Nick Carey's Dutch forensic lab says it has decoded Tesla's driving data reveals that:

"The Dutch government's forensic lab said on Thursday it had decrypted electric carmaker Tesla Inc's closely guarded driving data-storage system, uncovering a wealth of information that could be used to investigate serious accidents.

It was already known that Tesla cars store data from accidents, but the Netherlands Forensic Institute (NFI) said it had discovered far more data than investigators had previously been aware of.

The NFI said the decrypted data showed Tesla vehicles store information about the operation of its driver assistance system, known as Autopilot. The vehicles also record speed, accelerator pedal position, steering wheel angle and brake usage, and depending on how the vehicle is used, that data can be stored for over a year."

And:

"The Dutch lab said rather than seek the data from Tesla, it had "reverse engineered" data logs - a process where software is deconstructed to extract information - present in Tesla vehicles "in order to objectively investigate them."

The NFI investigated a collision involving a Tesla driver using Autopilot and a car in front of it that suddenly braked hard.

The investigation showed the Tesla driver reacted within the expected response time to a warning to resume control of the car, but the collision occurred because the Tesla was following the other vehicle too closely in busy traffic."

I'm shocked, shocked that an Elon Musk company would be less than honest with regulators.

David. said...

Mahmood Hikmet's 2:19 video Tesla FSD Beta Danger Compilation juxtaposes video of Elon Musk hyping "Full Self Driving" as Level 5 autonomy with video of actual "FSD" disengagements, showing that it isn't even a good Level 2 system.

David. said...

Matt McFarland's We tried Tesla's 'full self-driving.' Here's what happened is scary:

"I'd spent my morning so far in the backseat of the Model 3 using "full self-driving," the system that Tesla says will change the world by enabling safe and reliable autonomous vehicles. I'd watched the software nearly crash into a construction site, try to turn into a stopped truck and attempt to drive down the wrong side of the road. Angry drivers blared their horns as the system hesitated, sometimes right in the middle of an intersection."

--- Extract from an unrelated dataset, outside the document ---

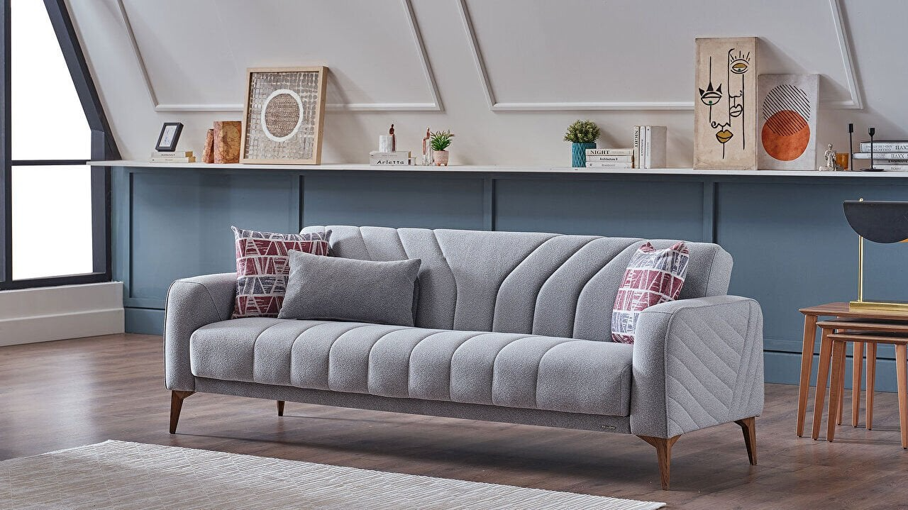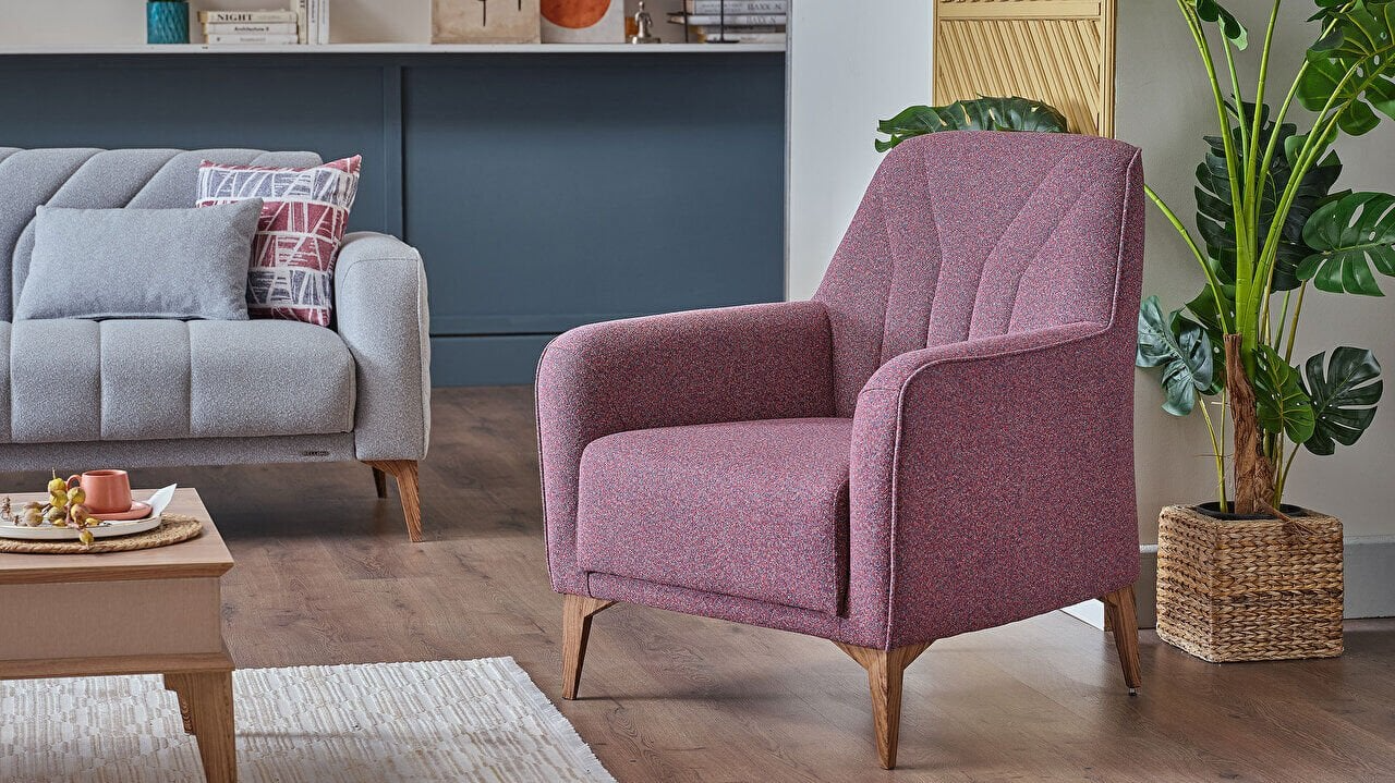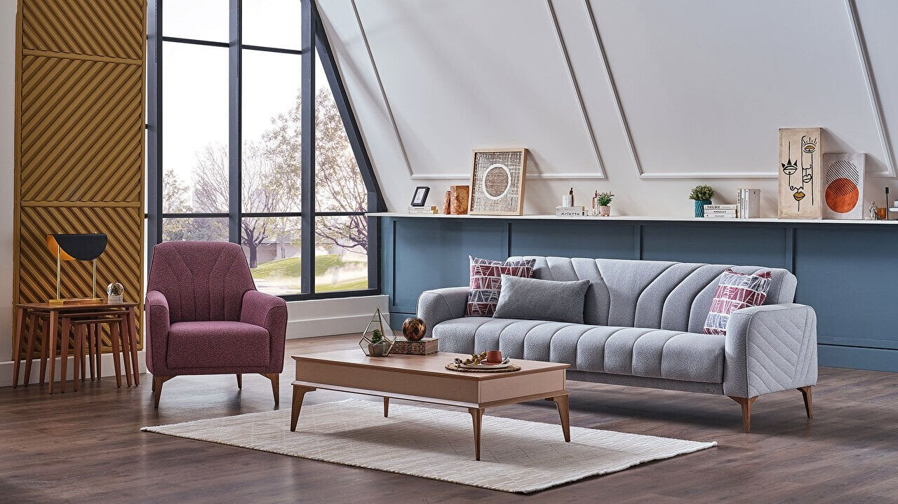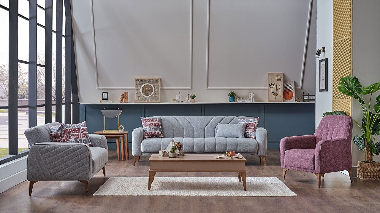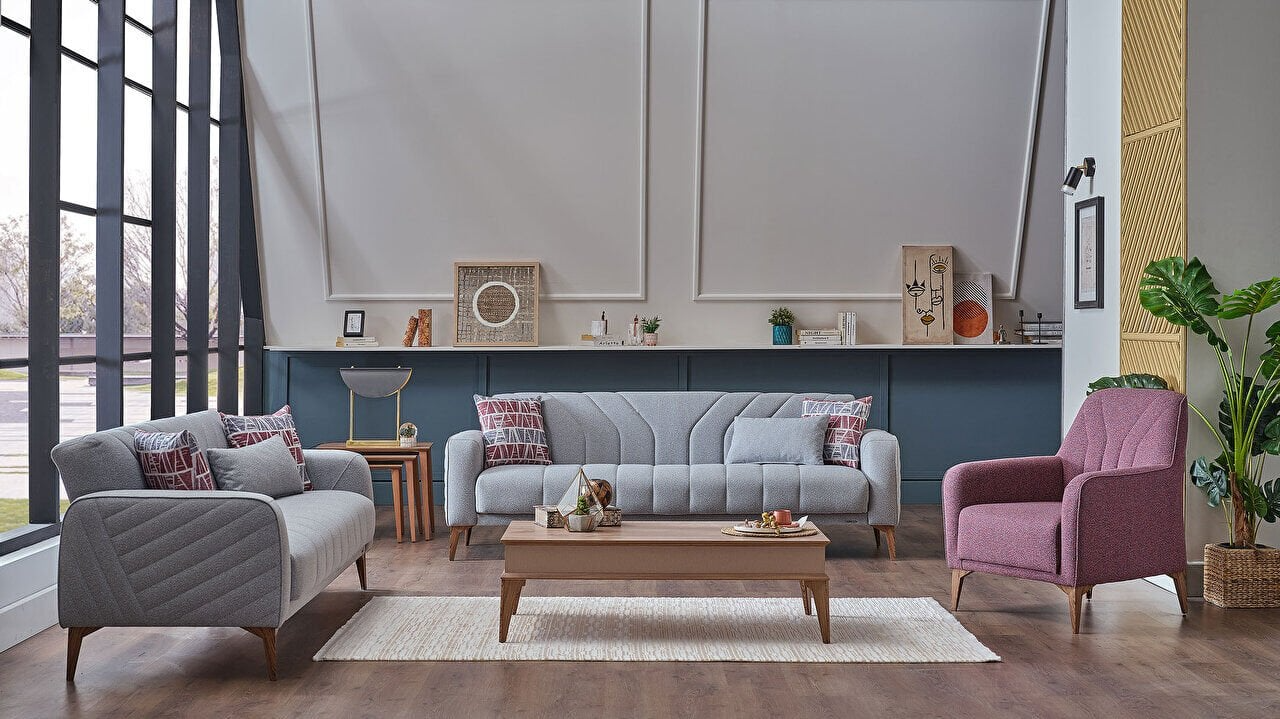 - Mathias Üçlü Koltuk - Bordo Kırlent Gri
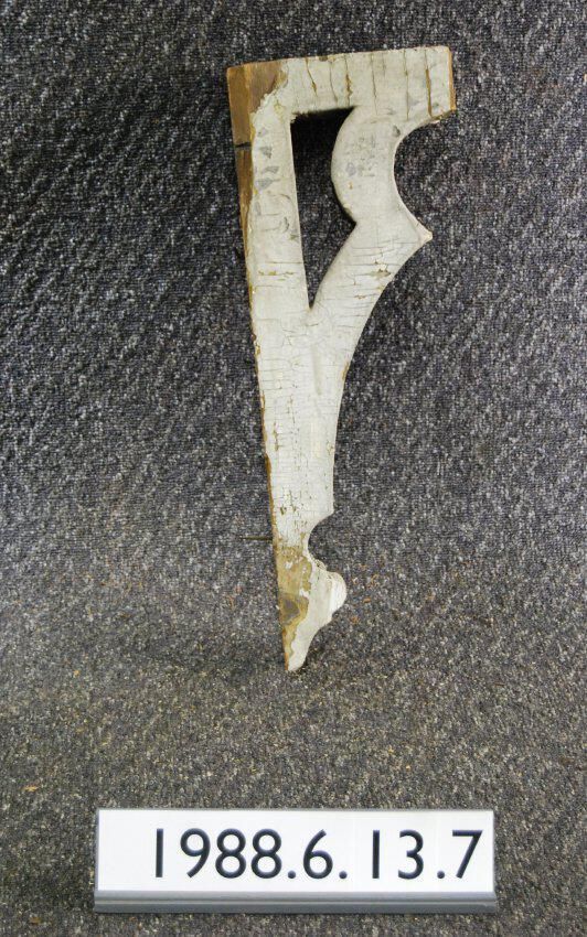 Wood bracket. Upper front end is truncated. Sides have compound curved profile. Cut out center. Portion of front is reeded. Painted grey. Inscriptions or Markings: Manufacturer: Place of Manufacturer: Design motif: Style: Finish: Painted

Elon Musk's response was, as usual, denial:

"I suspect that article was written before the drive even took place,"

The cult members response was that "Full Self-Driving" wasn't working well because the driver in the front seat was "inexperienced".

David. said...

Tim Stevens isn't impressed with Autopilot. In 2021 Tesla Model Y review: Nearly great, critically flawed he writes:

"I can't conclusively say that it's because of the missing radar, but I can say that our Model Y is bad at detecting obstructions ahead. Really, really bad. The big issue is false positives, a problem that has become known as "phantom braking" among Tesla owners. Basically, the car often gets confused and thinks there's an obstacle ahead and engages the automatic emergency braking system. You get an instant, unwanted and often strong application of the brakes. This is not a problem unique to Teslas. I've experienced it on other cars, but very, very rarely. On our Model Y this happens constantly, at least once an hour and sometimes much more often than that. In a single hour of driving I caught five phantom braking incidents on camera, two hard enough to sound the automatic emergency braking chime."

David. said...

In The Deadly Myth That Human Error Causes Most Car Crashes, David Zipper points out that:

"More than 20,000 people died on American roadways from January to June, the highest total for the first half of any year since 2006. U.S. road fatalities have risen by more than 10 percent over the past decade, even as they have fallen across most of the developed world. In the European Union, whose population is one-third larger than America’s, traffic deaths dropped by 36 percent between 2010 and 2020, to 18,800. That downward trend is no accident: European regulators have pushed carmakers to build vehicles that are safer for pedestrians and cyclists, and governments regularly adjust road designs after a crash to reduce the likelihood of recurrence."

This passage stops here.